Problem description » Pictures stay out of the copy; output exactly the lines from the one containing "先生や友達と一緒に2日間過ご" through the end of the material.

========

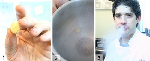 液氮冰淇淋的冰淇淋基料和液氮大約相等。1)您將看不到任何東西。2)成品。
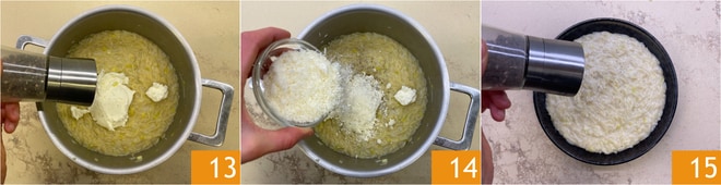 Añadid la pimienta 13, el Parmigiano rallado 14 y mantecad. Emplated e insaporid con otra pizca de pimienta 15.
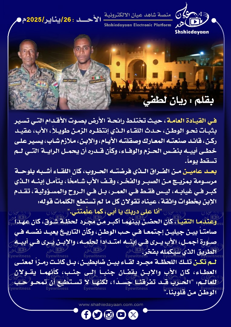 خبر في صورة في القيادة العامة حدث اللقاء الذي انتظره الزمن طويلاً، الأب، عقيد ركن، قائد صنعته المعارك وصقلته الأيام، والإبن ، ملازم شاب، يسير على خطى أبيه بنفس الحزم والوفاء، وكأن قدره أن يحمل الراية التي لم تسقط يوما شاهد عيان يناير 26, 2025 0 أقرأ المزيد ..
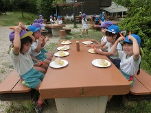 先生や友達と一緒に2日間過ごし、山の探検、アスレチック、キーホルダー作り、キャンプファイヤー、自分たちの出し物の披露、入浴、宿泊など、たくさんのことを体験しました。この様々な経験が子ども達の自信になってくれればと思います。
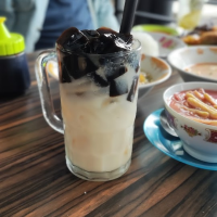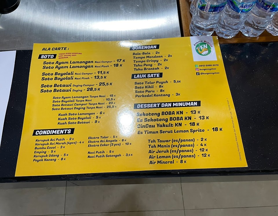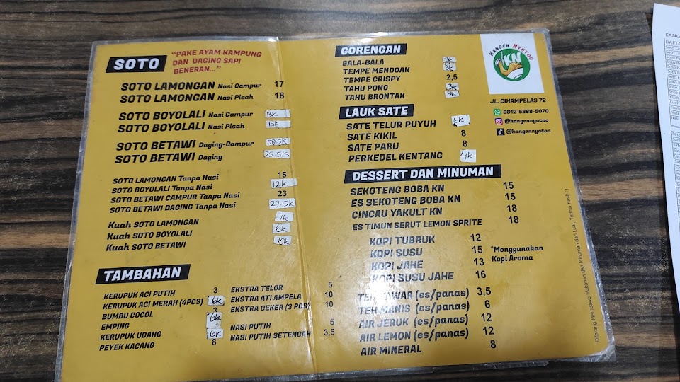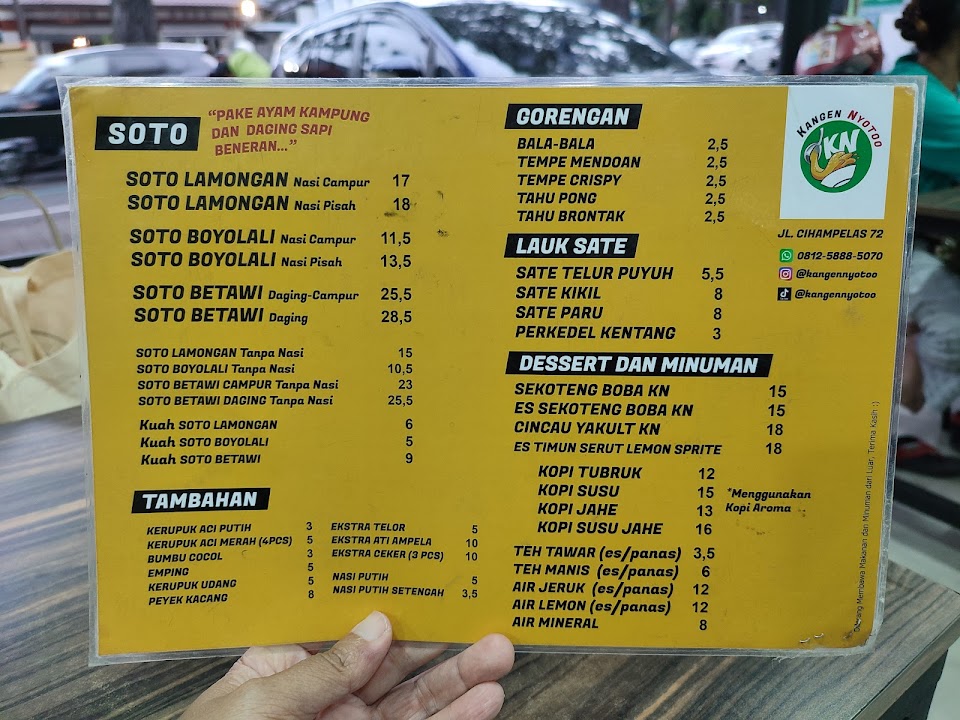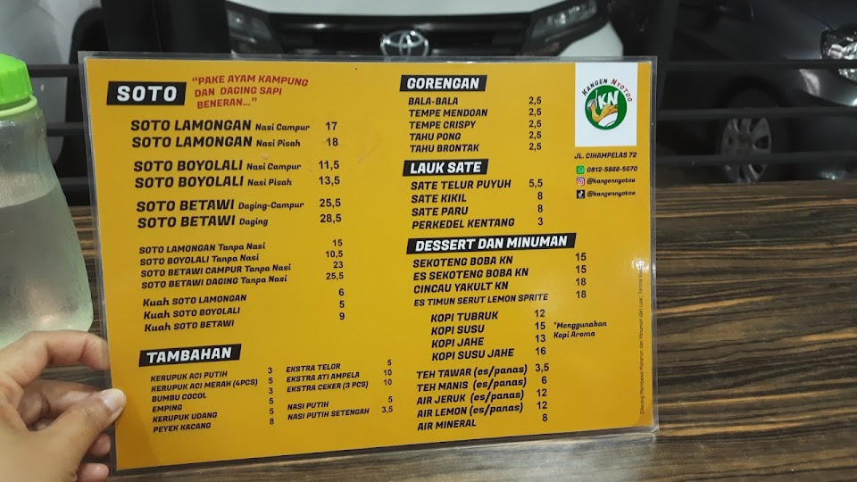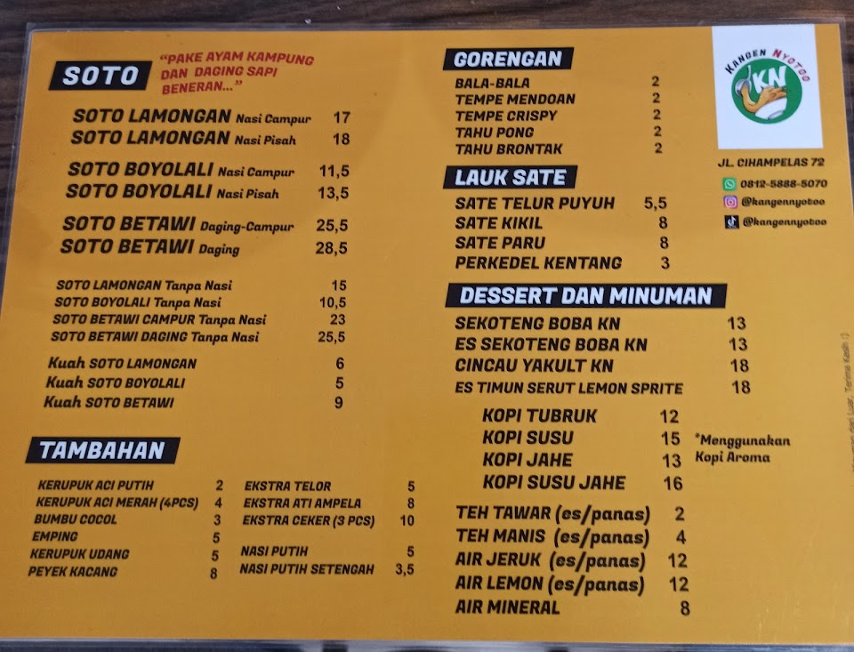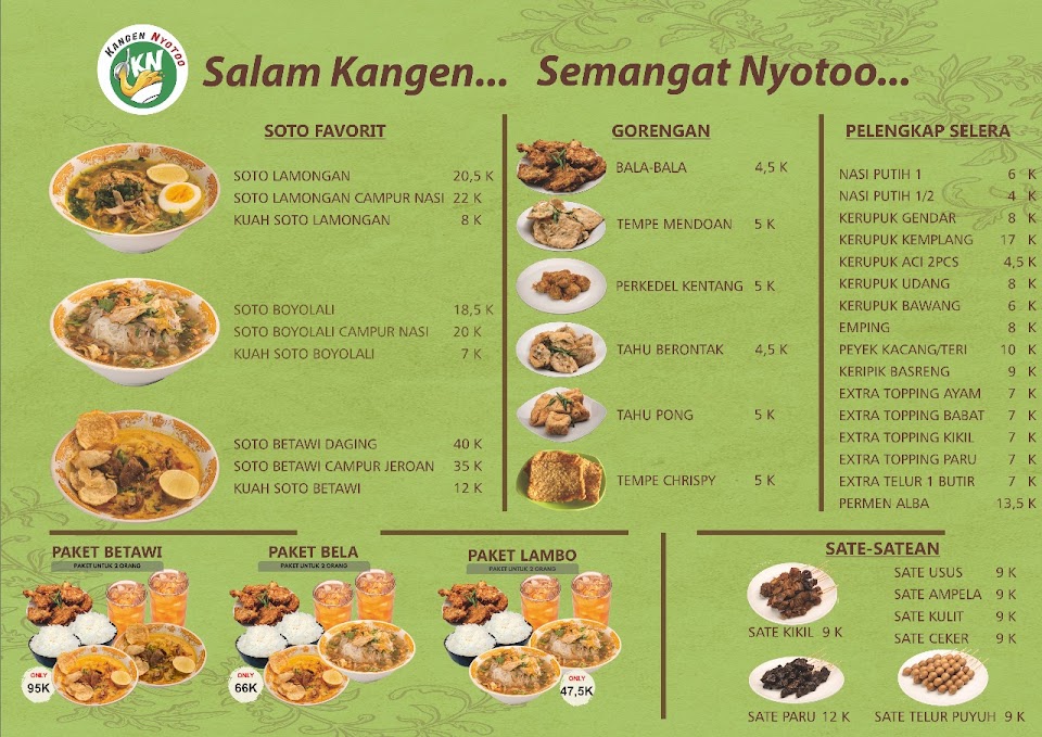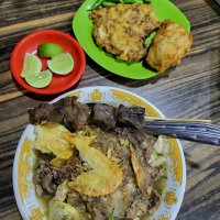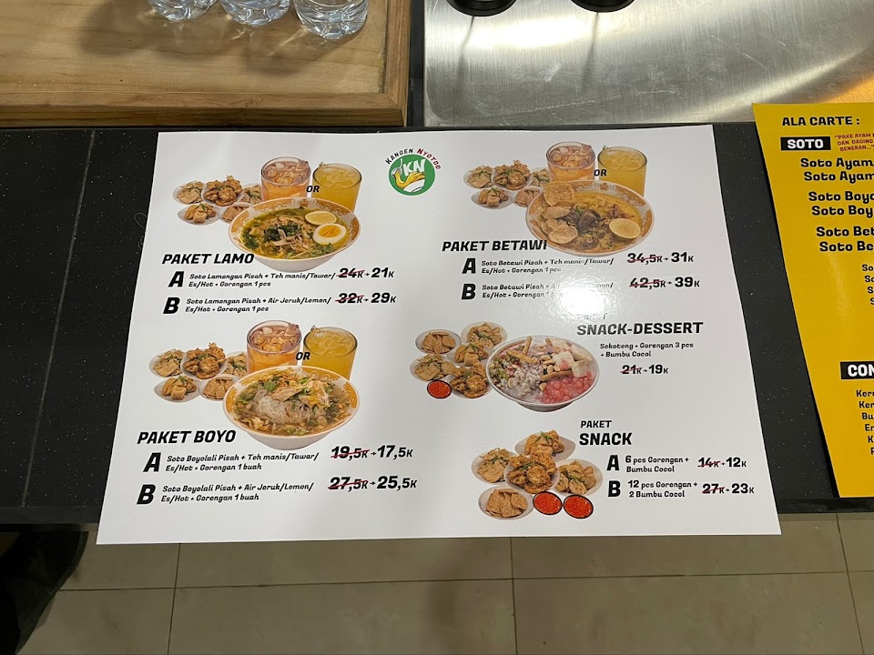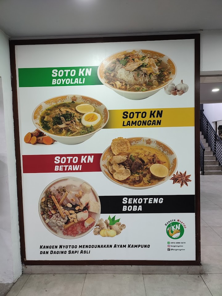 Nikmati tiga varian soto hangat—Lamongan, Boyolali & Betawi—dengan kuah kaya rempah, topping daging ayam kampung dan sapi, plus sate & gorengan sebagai pelengkap. Minuman unik seperti sekoteng boba ikut tersedia, buka pagi hingga malam.
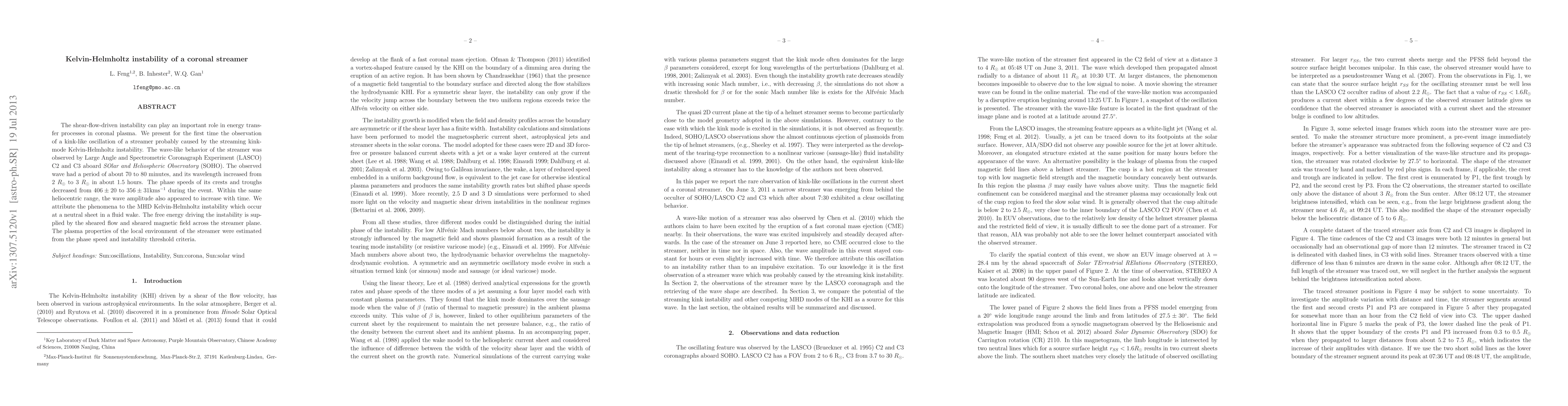This paper reports the first observation of a streamer's kink-like oscillation caused by the Kelvin-Helmholtz instability, observed by SOHO's LASCO instruments. The instability, driven by sheared flow and magnetic fields, exhibited a wave-like behavior with a period of 70-80 minutes and increasing amplitude over time.

========

Final answer »
 先生や友達と一緒に2日間過ごし、山の探検、アスレチック、キーホルダー作り、キャンプファイヤー、自分たちの出し物の披露、入浴、宿泊など、たくさんのことを体験しました。この様々な経験が子ども達の自信になってくれればと思います。
 Nikmati tiga varian soto hangat—Lamongan, Boyolali & Betawi—dengan kuah kaya rempah, topping daging ayam kampung dan sapi, plus sate & gorengan sebagai pelengkap. Minuman unik seperti sekoteng boba ikut tersedia, buka pagi hingga malam.
This paper reports the first observation of a streamer's kink-like oscillation caused by the Kelvin-Helmholtz instability, observed by SOHO's LASCO instruments. The instability, driven by sheared flow and magnetic fields, exhibited a wave-like behavior with a period of 70-80 minutes and increasing amplitude over time.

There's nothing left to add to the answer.